109 – Literary islands of Far South : pāṭṭu and other quixotic archipelagos of songs
South Asian scholarship’s new interest in song can be seen as marked by absorbing concepts from anthropology, musicology, sound and media studies. The mutual transfer of ideas opens chances to explore afresh the relationship between “literary” and “folk”. Both have long history of incorporating song as matter and form. India's far South, with its multitude of diverse lived-in song cultures, offers a uniquely rich area of study. Its emerging vernacular literary cultures grew by absorbing, adapting and transforming expressive forms developed within largely understudied song cultures of the subaltern. They themselves changed profoundly producing a variety of hybrid (trans-medial) cultural forms. One archipelago within broader patterns of literary cultures is made by pāṭṭu-songs: local stories of inequality, devotion, and transformation. Other archipelagos equally deserve closer study.

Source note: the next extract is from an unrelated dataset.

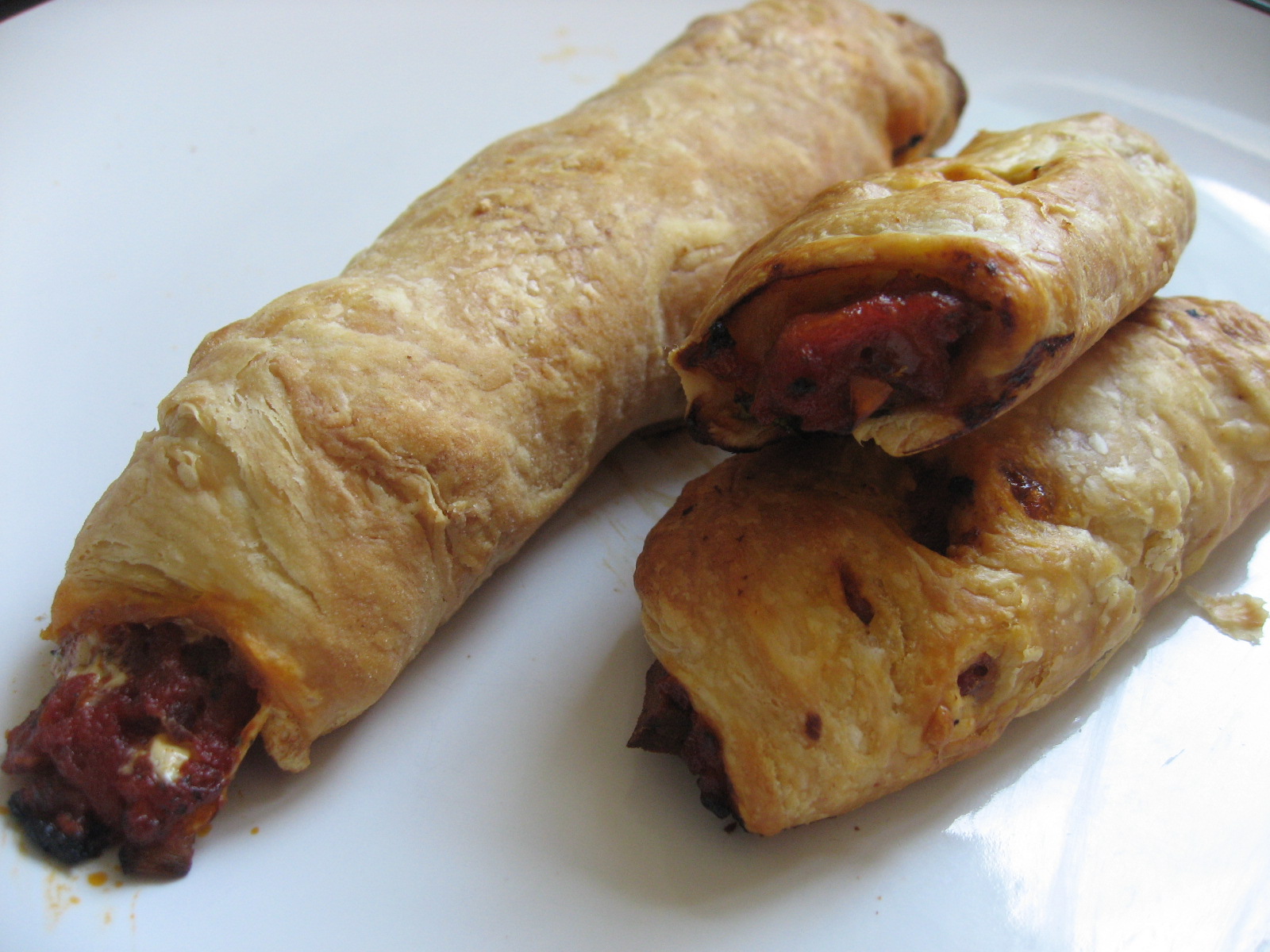 Roll out the your dough into a rectangle any size you like. Put fillings length wise, as if you’re making sushi.

The panel explores song cultures as complex cultural objects and unique knowledge systems. It relates the lived-in song traditions with forms recognized as literary across the ecologies of Southern vernacular idioms and languages of prestige. We welcome papers adopting new approaches including such concepts as sensorial and sonic epistemologies, embodied knowledge, media-archaeology while looking at the archipelagos of South Indian song cultures in ways that question basic assumptions about oral and written, centre and periphery. Papers on specific singing and literary cultures asking questions about their patterns of circulation, communities of practice, performers, audiences and patrons, as well as social practices that shaped their sensorial, discursive, historical or political bodies.